# Distributed DeepRacer RL training with SageMaker and RoboMaker

---
## Introduction


In this notebook, we will train a fully autonomous 1/18th scale race car using reinforcement learning using Amazon SageMaker RL and AWS RoboMaker's 3D driving simulator. [AWS RoboMaker](https://console.aws.amazon.com/robomaker/home#welcome) is a service that makes it easy for developers to develop, test, and deploy robotics applications.  

This notebook provides a jailbreak experience of [AWS DeepRacer](https://console.aws.amazon.com/deepracer/home#welcome), giving us more control over the training/simulation process and RL algorithm tuning.

![Training in Action](./deepracer-reinvent-track.jpg)


---
## How it works?  

![How training works](./training.png)

The reinforcement learning agent (i.e. our autonomous car) learns to drive by interacting with its environment, e.g., the track, by taking an action in a given state to maximize the expected reward. The agent learns the optimal plan of actions in training by trial-and-error through repeated episodes.  
  
The figure above shows an example of distributed RL training across SageMaker and two RoboMaker simulation envrionments that perform the **rollouts** - execute a fixed number of episodes using the current model or policy.

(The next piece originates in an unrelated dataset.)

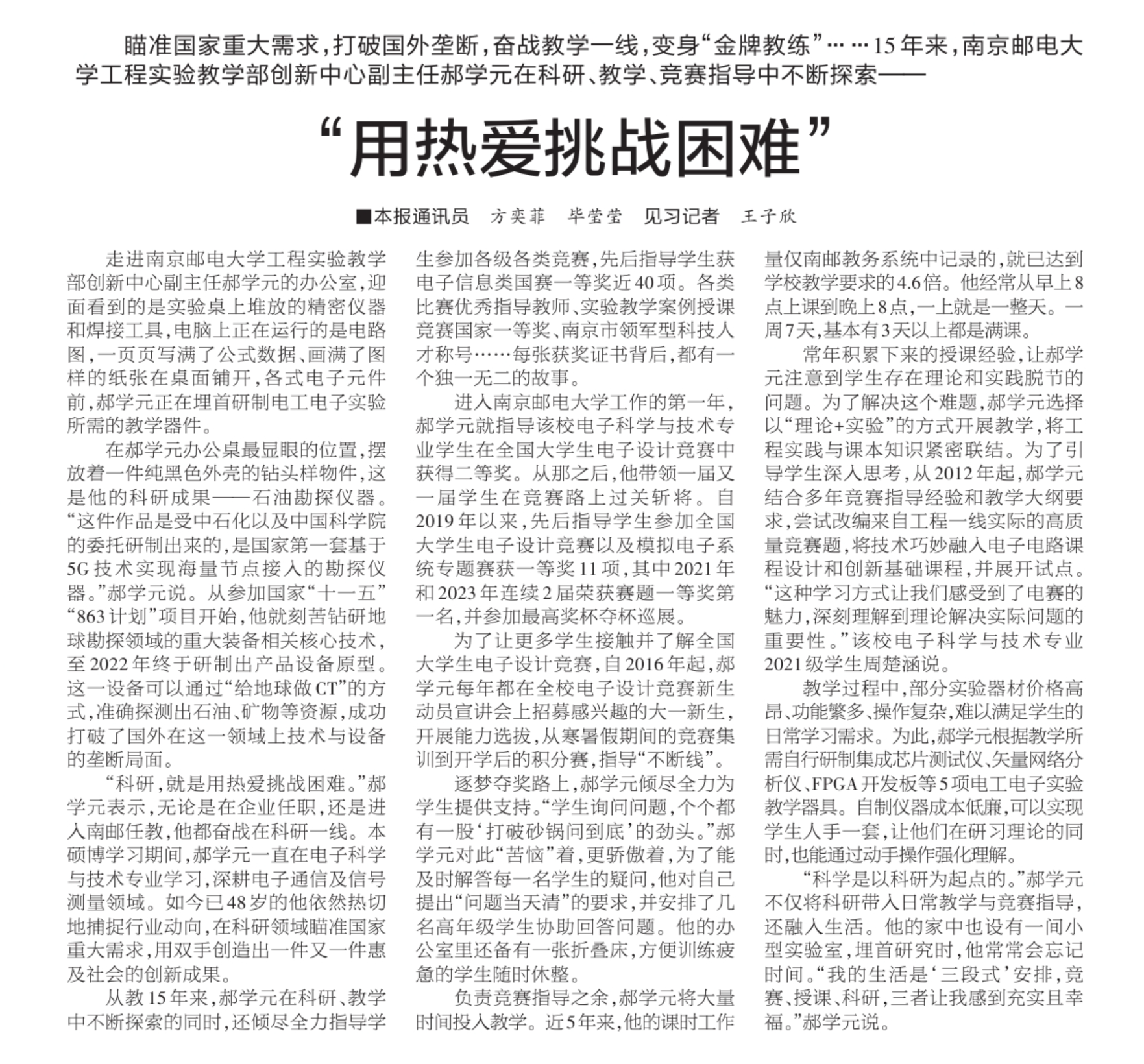 【江苏教育报】南京邮电大学工程实验教学部创新中心副主任郝学元在科研、教学、竞赛指导中不断探索——“用热爱挑战困难”

The rollouts collect agent experiences (state-transition tuples) and share this data with SageMaker for training. SageMaker updates the model policy which is then used to execute the next sequence of rollouts. This training loop continues until the model converges, i.e. the car learns to drive and stops going off-track. More formally, we can define the problem in terms of the following:  

1. **Objective**: Learn to drive autonomously by staying close to the center of the track.
2. **Environment**: A 3D driving simulator hosted on AWS RoboMaker.
3. **State**: The driving POV image captured by the car's head camera, as shown in the illustration above.
4. **Action**: Six discrete steering wheel positions at different angles (configurable)
5. **Reward**: Positive reward for staying close to the center line; High penalty for going off-track. This is configurable and can be made more complex (for e.g. steering penalty can be added).

### Imports

To get started, we'll import the Python libraries we need, set up the environment with a few prerequisites for permissions and configurations.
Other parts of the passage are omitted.